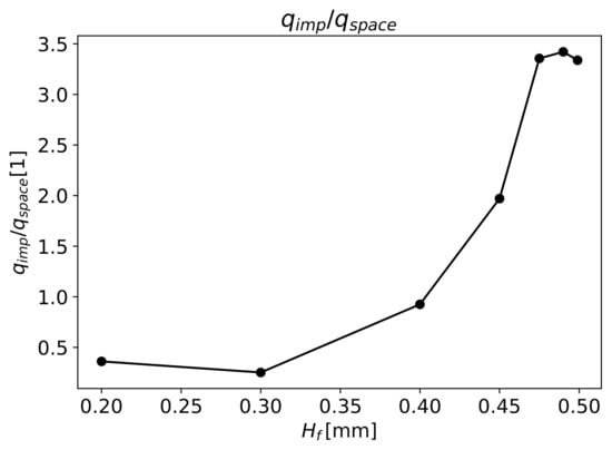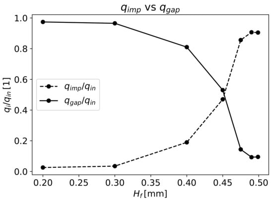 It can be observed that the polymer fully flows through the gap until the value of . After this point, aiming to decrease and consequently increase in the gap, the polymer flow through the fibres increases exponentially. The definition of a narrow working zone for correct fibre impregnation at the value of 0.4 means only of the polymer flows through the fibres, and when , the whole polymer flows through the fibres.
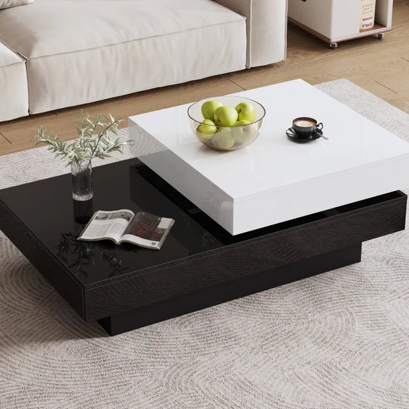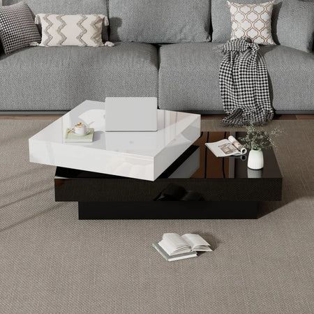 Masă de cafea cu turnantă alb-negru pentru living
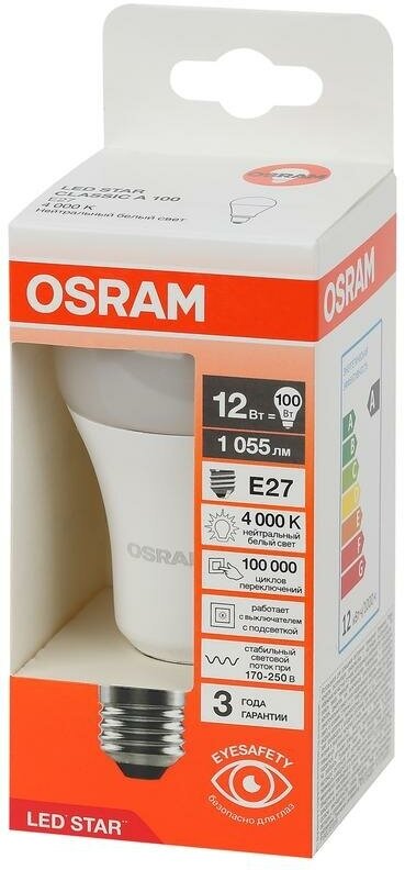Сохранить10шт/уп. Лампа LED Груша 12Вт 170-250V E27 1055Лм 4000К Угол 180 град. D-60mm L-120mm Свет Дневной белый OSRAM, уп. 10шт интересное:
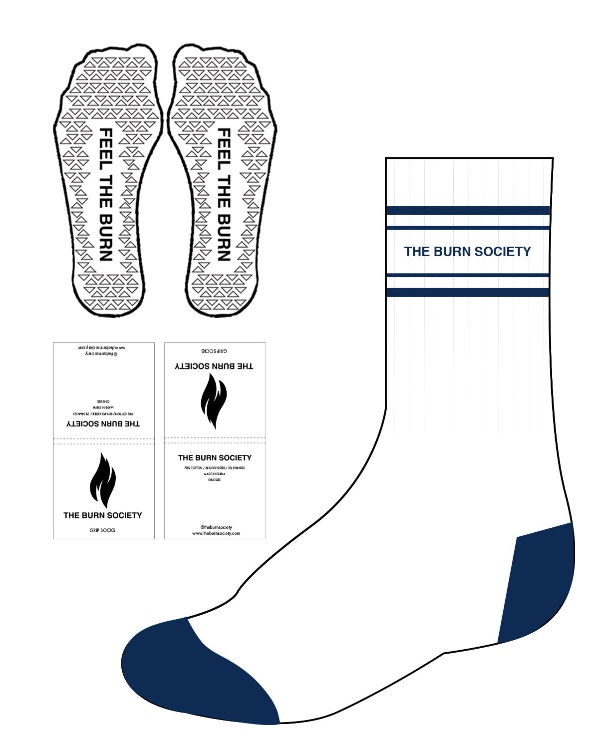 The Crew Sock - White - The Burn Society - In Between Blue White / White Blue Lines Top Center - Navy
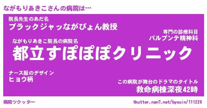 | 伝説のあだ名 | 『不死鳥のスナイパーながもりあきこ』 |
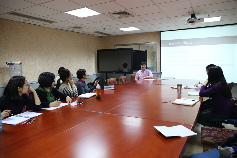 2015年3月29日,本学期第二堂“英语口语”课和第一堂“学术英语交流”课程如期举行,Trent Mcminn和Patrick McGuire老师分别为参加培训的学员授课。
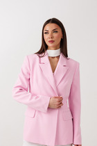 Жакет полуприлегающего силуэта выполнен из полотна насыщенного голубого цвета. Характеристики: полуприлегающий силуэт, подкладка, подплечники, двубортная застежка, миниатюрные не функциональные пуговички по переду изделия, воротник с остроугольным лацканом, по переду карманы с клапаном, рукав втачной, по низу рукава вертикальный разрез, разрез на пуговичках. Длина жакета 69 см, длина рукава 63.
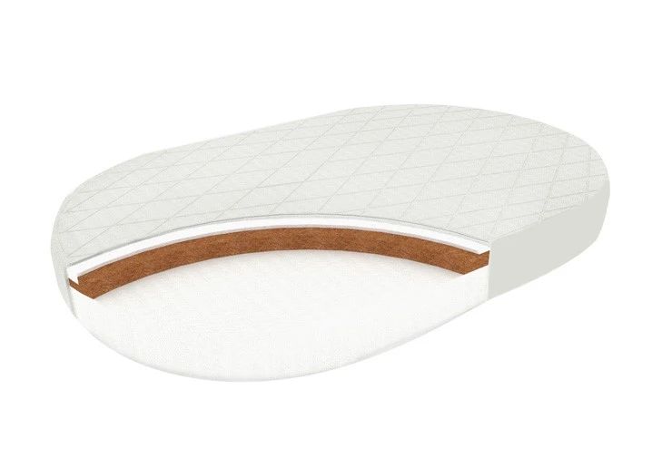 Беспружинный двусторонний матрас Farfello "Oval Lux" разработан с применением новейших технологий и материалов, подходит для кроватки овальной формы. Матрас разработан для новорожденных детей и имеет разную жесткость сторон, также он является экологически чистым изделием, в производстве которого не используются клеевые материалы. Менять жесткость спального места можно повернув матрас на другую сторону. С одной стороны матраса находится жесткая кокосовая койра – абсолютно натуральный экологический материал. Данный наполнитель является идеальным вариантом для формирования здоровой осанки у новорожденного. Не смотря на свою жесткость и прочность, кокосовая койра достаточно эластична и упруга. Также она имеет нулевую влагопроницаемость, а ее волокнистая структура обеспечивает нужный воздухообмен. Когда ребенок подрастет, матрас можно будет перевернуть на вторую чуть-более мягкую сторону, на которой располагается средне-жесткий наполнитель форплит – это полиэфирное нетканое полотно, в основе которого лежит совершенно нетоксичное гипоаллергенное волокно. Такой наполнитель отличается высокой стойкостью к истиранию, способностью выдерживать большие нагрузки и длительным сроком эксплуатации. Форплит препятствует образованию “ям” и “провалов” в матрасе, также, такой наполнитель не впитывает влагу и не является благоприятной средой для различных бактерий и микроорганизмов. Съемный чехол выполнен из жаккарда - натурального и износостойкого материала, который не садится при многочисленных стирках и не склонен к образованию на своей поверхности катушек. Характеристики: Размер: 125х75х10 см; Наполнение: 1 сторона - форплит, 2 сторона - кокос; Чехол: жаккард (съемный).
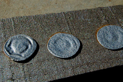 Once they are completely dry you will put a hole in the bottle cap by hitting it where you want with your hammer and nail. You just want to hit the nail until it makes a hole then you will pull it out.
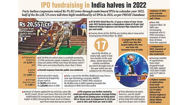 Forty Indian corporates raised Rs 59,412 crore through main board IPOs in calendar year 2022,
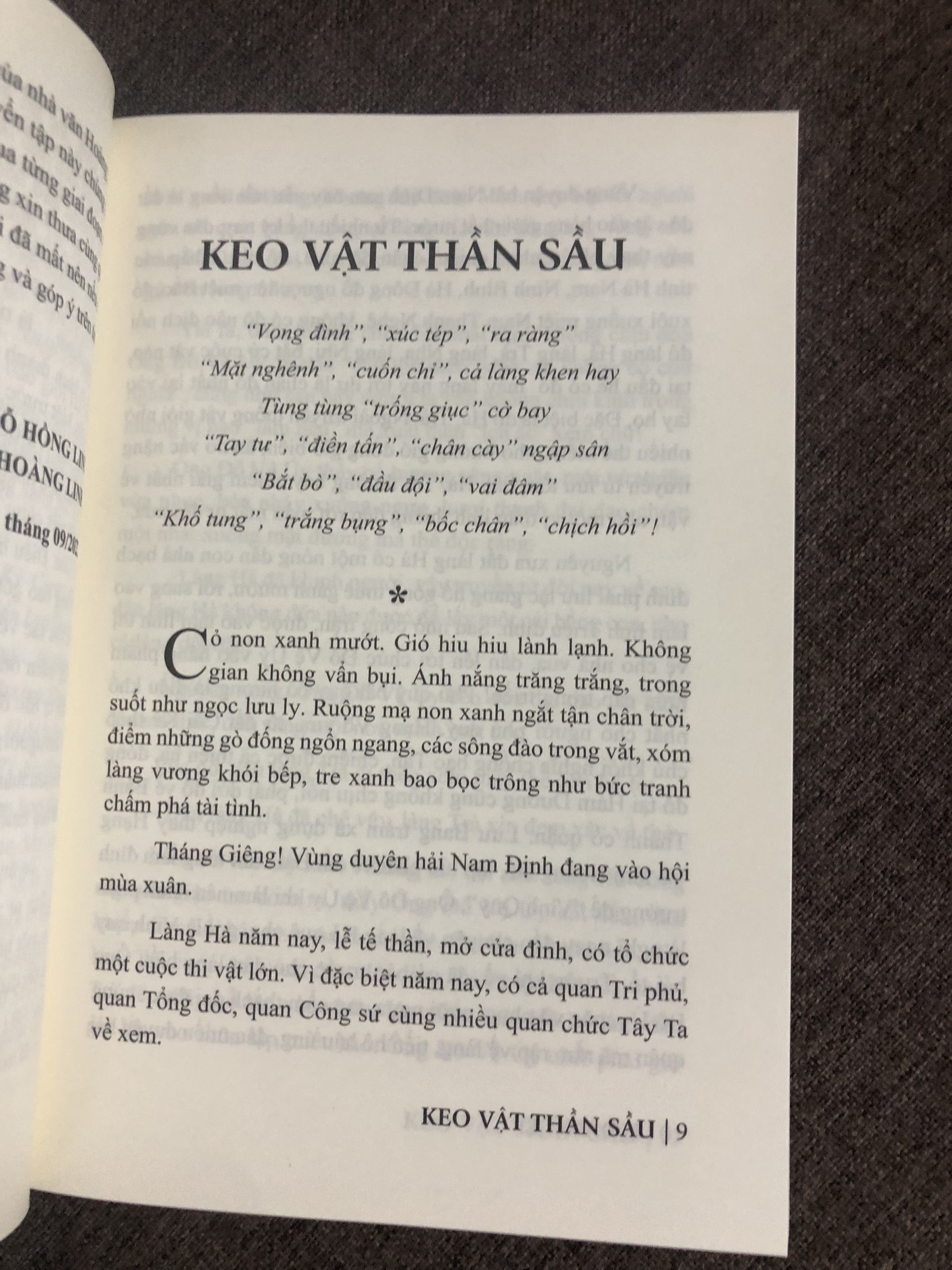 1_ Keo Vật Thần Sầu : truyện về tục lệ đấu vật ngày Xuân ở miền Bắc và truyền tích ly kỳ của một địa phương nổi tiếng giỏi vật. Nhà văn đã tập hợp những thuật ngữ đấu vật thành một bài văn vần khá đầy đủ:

* * *

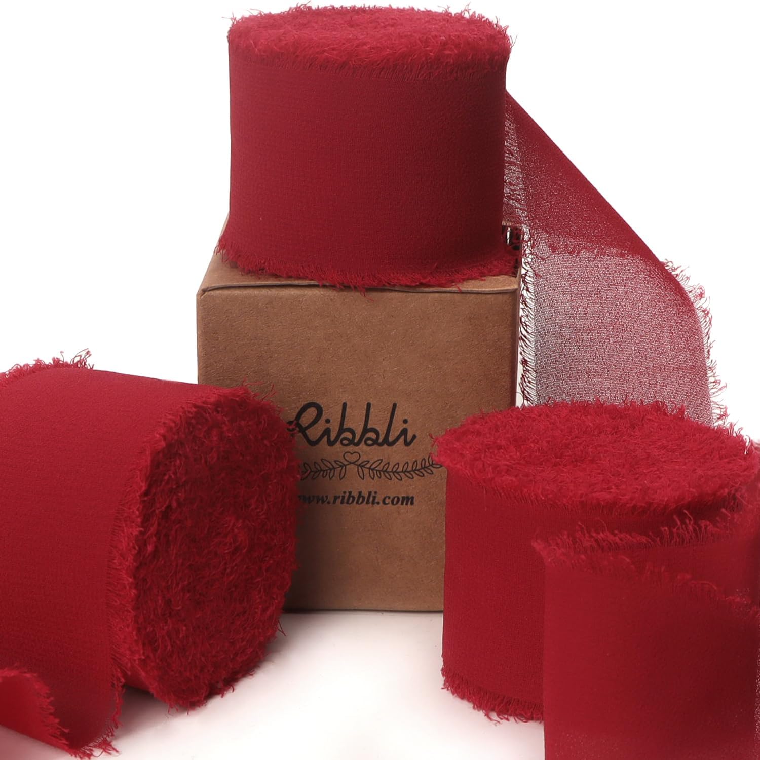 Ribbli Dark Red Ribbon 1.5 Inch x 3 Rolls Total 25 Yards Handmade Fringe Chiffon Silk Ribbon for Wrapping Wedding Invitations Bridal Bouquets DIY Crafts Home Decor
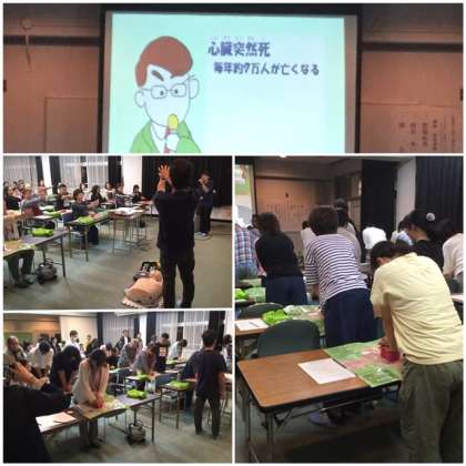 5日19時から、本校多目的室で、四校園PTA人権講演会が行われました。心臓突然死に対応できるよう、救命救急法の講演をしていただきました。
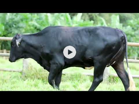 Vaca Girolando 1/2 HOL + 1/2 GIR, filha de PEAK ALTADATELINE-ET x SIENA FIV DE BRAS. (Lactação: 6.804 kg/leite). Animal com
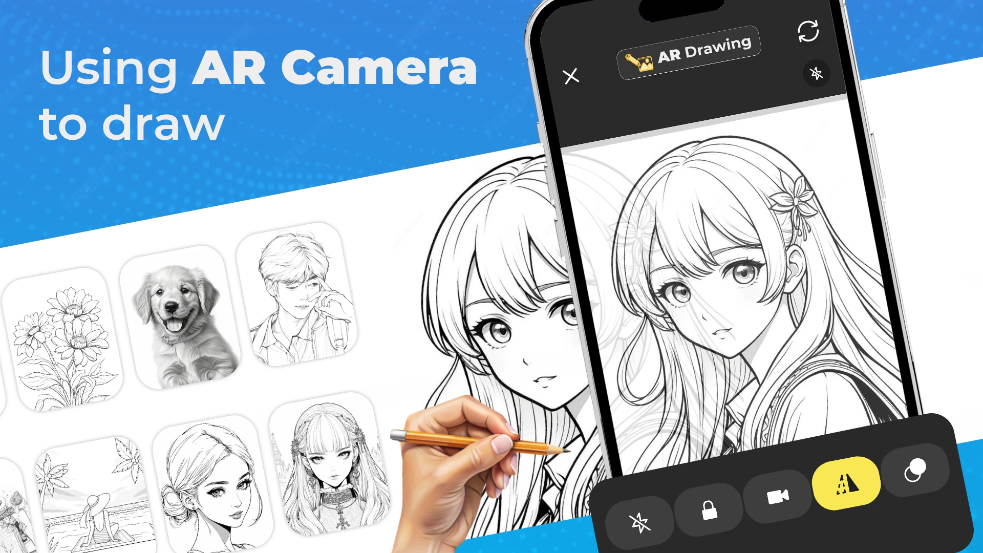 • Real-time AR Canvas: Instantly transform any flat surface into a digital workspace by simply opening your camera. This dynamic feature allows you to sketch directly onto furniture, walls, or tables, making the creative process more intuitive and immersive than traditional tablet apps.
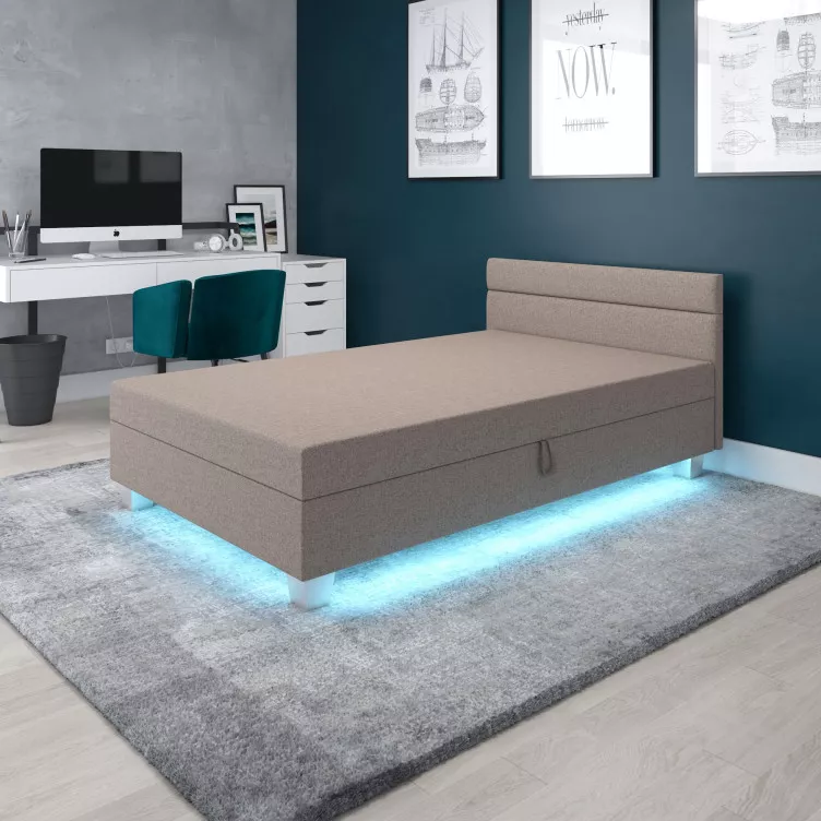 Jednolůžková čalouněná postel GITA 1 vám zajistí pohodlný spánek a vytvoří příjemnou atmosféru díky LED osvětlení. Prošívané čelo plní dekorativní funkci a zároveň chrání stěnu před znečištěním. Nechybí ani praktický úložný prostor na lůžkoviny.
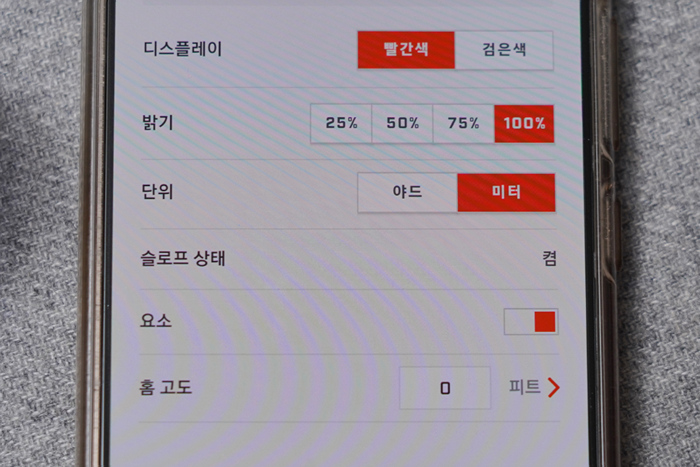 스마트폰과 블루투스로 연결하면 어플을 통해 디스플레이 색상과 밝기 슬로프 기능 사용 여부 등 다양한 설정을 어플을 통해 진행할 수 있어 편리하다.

* * *

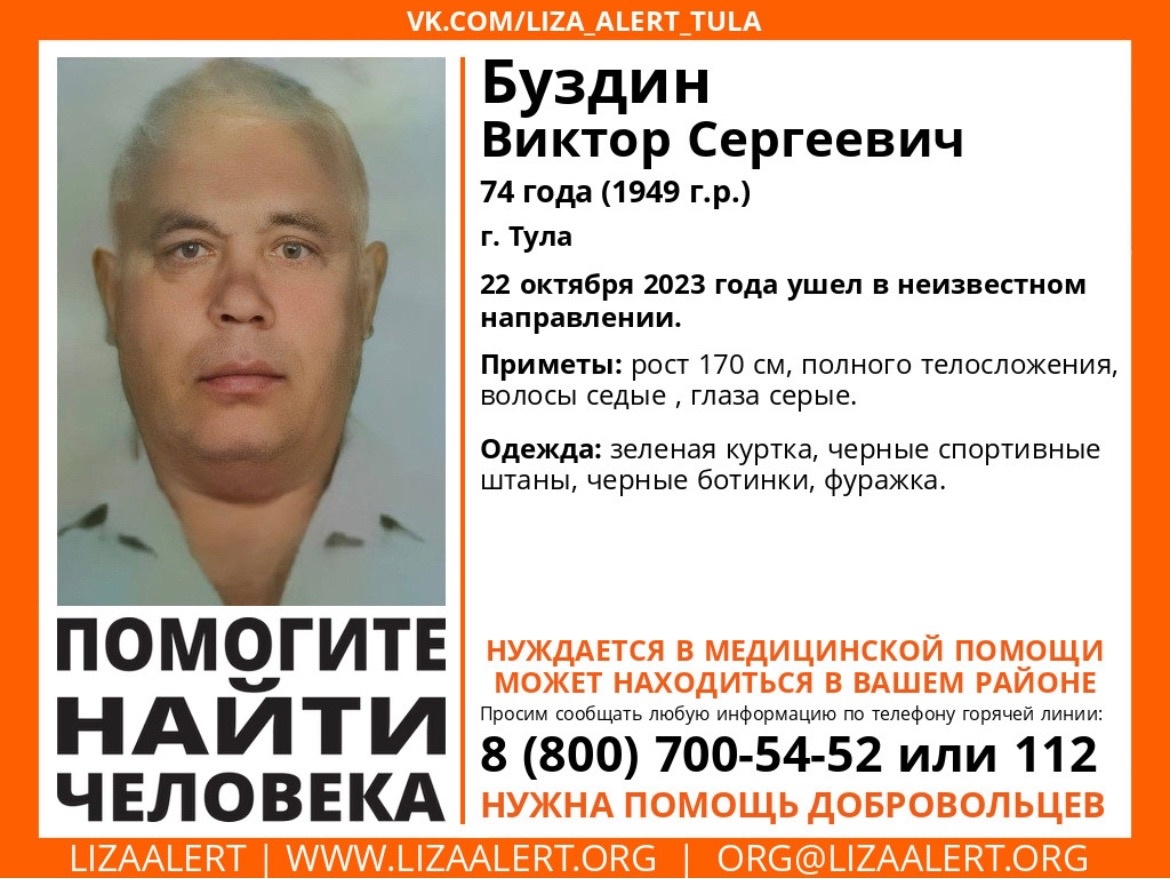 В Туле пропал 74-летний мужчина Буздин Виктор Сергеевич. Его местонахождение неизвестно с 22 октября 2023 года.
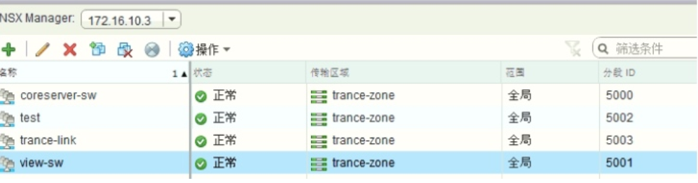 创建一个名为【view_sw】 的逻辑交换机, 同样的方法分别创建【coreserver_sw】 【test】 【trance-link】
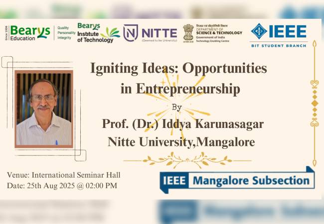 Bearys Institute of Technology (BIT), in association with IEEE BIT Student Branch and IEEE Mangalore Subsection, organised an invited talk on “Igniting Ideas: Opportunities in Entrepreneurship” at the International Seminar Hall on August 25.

*WHAT NEEDS TO BE DONE*
Exact copy, pictures excluded: every line above from the one containing "创建一个名为【view_sw】 的逻辑交换机, 同样的方法分别创建【coreserver_sw】" to the one containing "Bearys Institute of", inclusive, and nothing more.

*RESULT OF THIS TASK*
 创建一个名为【view_sw】 的逻辑交换机, 同样的方法分别创建【coreserver_sw】 【test】 【trance-link】
 Bearys Institute of Technology (BIT), in association with IEEE BIT Student Branch and IEEE Mangalore Subsection, organised an invited talk on “Igniting Ideas: Opportunities in Entrepreneurship” at the International Seminar Hall on August 25.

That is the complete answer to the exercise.